▸ WHAT YOU ARE ASKED TO DO
Given the records below, the lines starting at the line with "Evil Angel: Sexy" and ending at the line with "直接点右边的小三角形就可以执" should be output exactly, both end lines kept and pictures left out.

▸ DATASET RECORDS
---------------
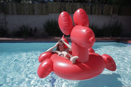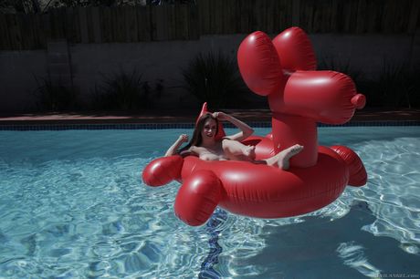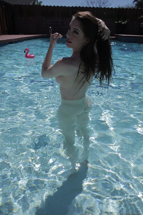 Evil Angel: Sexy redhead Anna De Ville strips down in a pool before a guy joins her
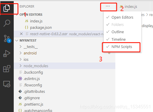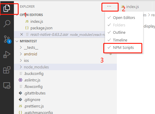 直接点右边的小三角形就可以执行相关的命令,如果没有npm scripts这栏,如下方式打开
---------------
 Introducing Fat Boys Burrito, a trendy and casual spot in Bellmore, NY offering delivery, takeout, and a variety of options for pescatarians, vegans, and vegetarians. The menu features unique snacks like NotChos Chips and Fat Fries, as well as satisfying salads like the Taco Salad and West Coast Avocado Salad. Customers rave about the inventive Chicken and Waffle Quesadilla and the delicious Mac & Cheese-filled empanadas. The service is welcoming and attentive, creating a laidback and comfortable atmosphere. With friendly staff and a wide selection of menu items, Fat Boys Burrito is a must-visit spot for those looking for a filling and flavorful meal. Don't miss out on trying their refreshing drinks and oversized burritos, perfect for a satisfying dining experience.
---------------
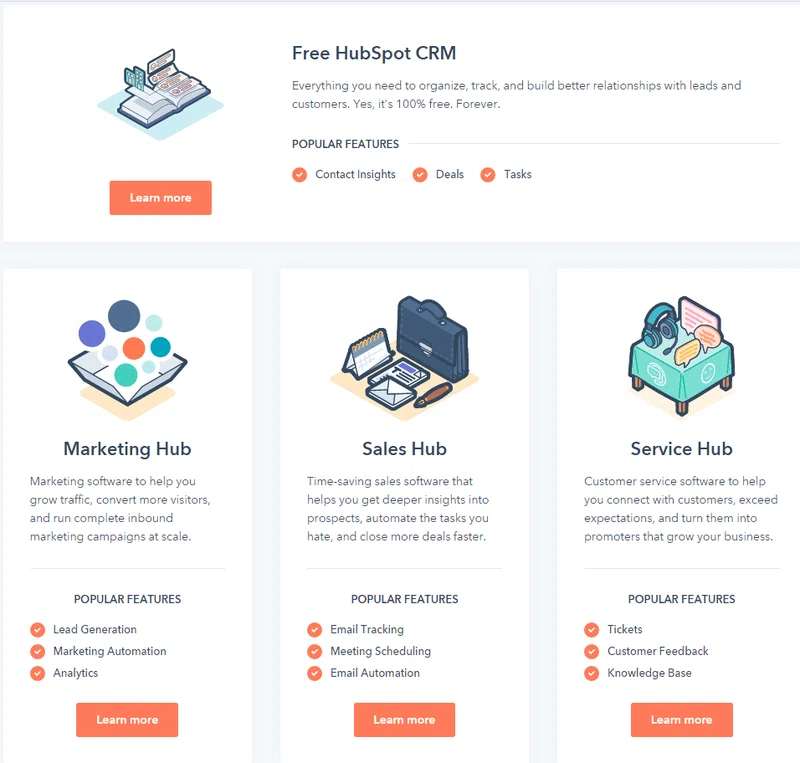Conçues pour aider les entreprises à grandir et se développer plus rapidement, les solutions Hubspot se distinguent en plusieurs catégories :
---------------
▸ ANSWER
 Evil Angel: Sexy redhead Anna De Ville strips down in a pool before a guy joins her
 直接点右边的小三角形就可以执行相关的命令,如果没有npm scripts这栏,如下方式打开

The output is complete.